Take the material below and extract the lines from the one with "中共蓝田县委宣传部官方微博蓝" through the one with "木製のハンマーとノミ・ハケを", word for word, without pictures.
-------- DATA EXCERPTS --------
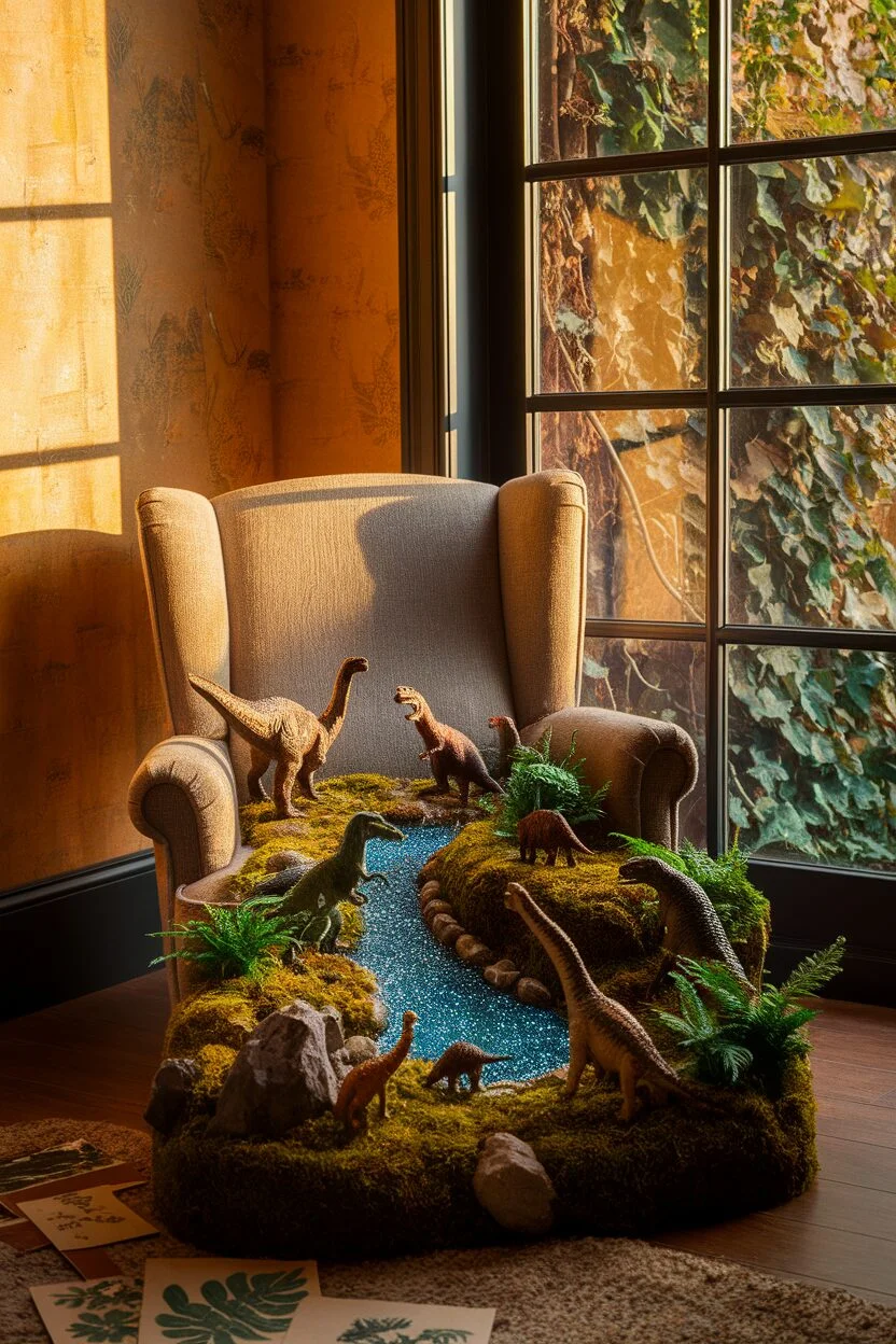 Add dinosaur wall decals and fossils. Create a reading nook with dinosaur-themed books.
--------
-------- DATA EXCERPTS --------
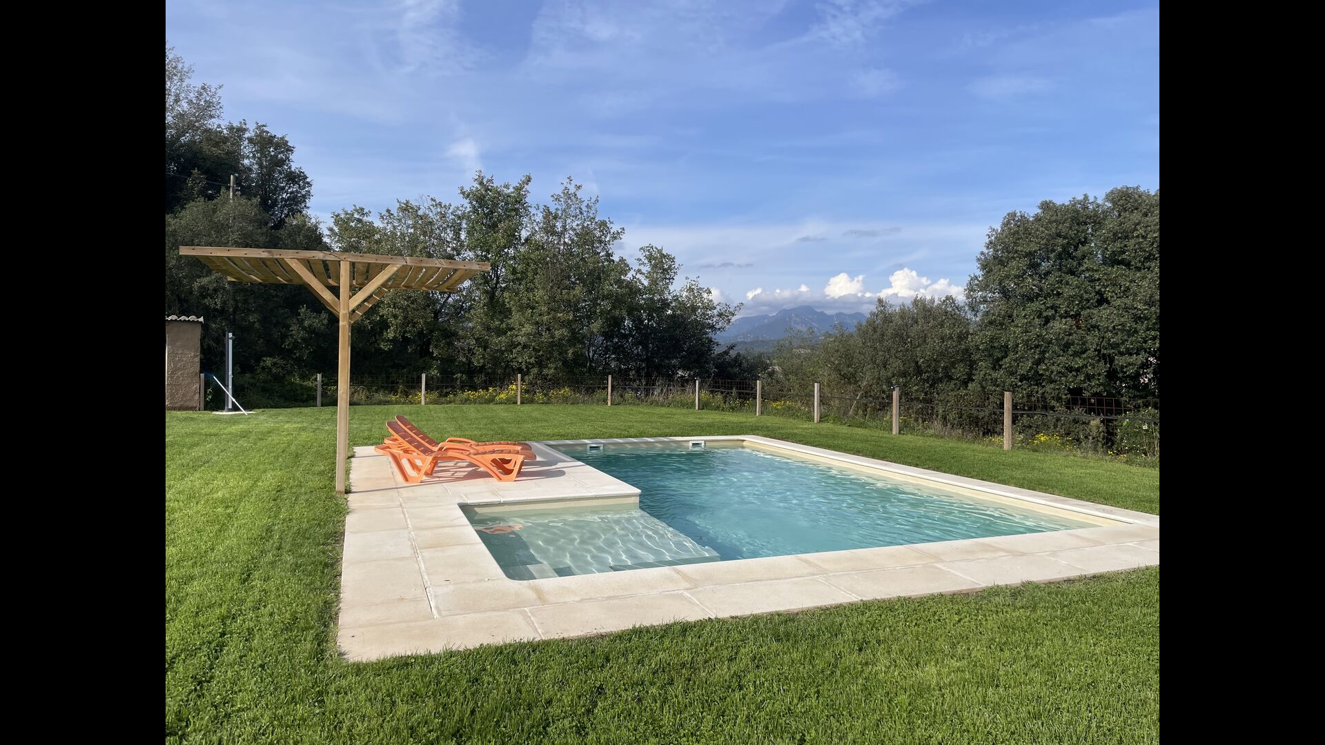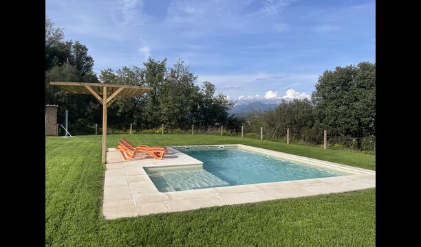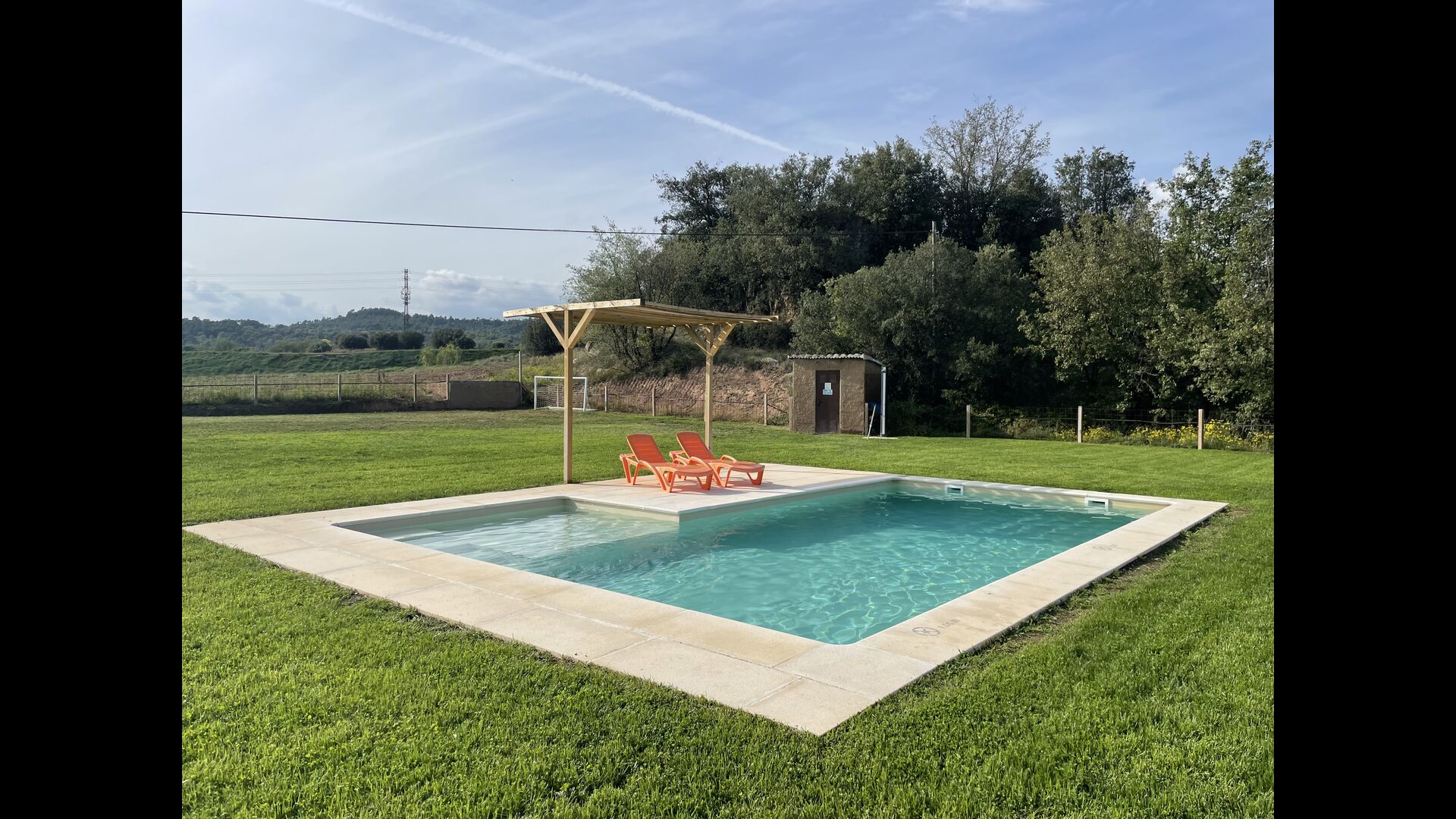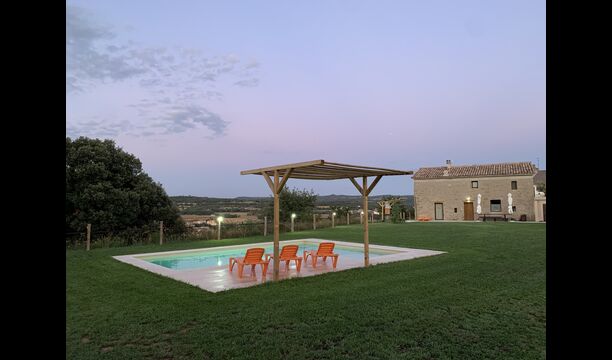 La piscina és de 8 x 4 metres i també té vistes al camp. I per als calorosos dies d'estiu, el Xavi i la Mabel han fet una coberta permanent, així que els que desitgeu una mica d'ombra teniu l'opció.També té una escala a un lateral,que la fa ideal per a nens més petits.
--------
-------- DATA EXCERPTS --------
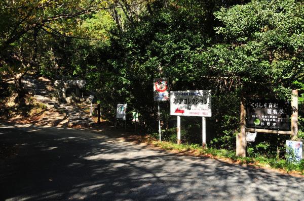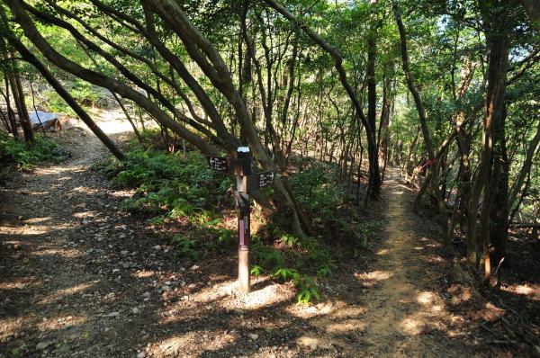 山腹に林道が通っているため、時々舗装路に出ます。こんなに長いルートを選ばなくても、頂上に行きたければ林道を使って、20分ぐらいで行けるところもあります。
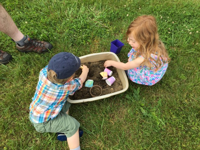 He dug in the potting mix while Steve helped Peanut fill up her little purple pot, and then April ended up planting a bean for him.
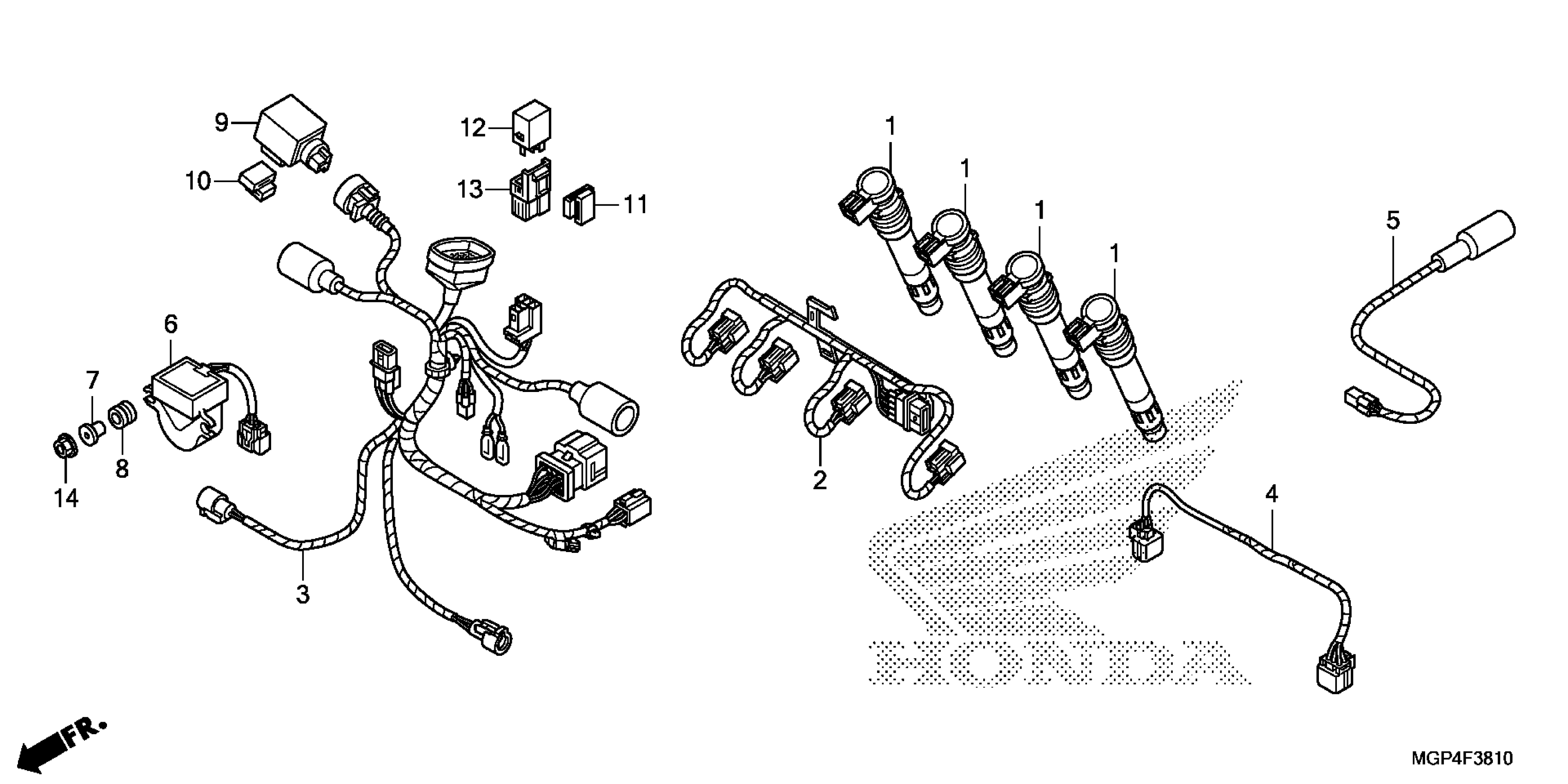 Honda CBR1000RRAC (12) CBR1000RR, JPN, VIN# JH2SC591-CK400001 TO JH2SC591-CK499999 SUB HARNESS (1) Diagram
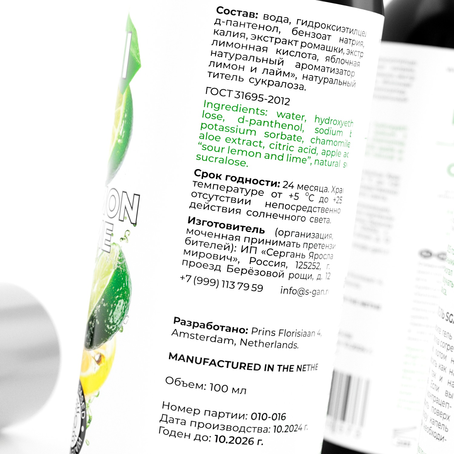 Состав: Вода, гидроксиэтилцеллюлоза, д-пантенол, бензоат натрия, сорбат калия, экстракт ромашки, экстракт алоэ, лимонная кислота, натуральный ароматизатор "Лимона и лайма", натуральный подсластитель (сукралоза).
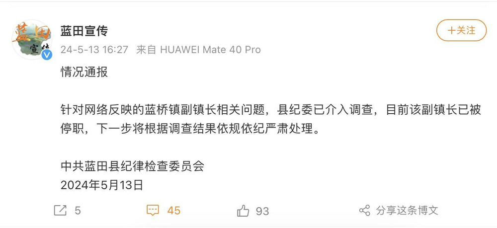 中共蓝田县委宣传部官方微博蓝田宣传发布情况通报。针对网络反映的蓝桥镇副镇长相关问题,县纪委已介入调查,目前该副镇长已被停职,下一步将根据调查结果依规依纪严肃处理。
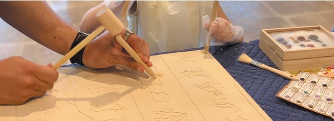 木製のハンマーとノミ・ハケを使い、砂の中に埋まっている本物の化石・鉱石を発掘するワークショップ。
--------
- _ANSWER BOX_
 中共蓝田县委宣传部官方微博蓝田宣传发布情况通报。针对网络反映的蓝桥镇副镇长相关问题,县纪委已介入调查,目前该副镇长已被停职,下一步将根据调查结果依规依纪严肃处理。
 木製のハンマーとノミ・ハケを使い、砂の中に埋まっている本物の化石・鉱石を発掘するワークショップ。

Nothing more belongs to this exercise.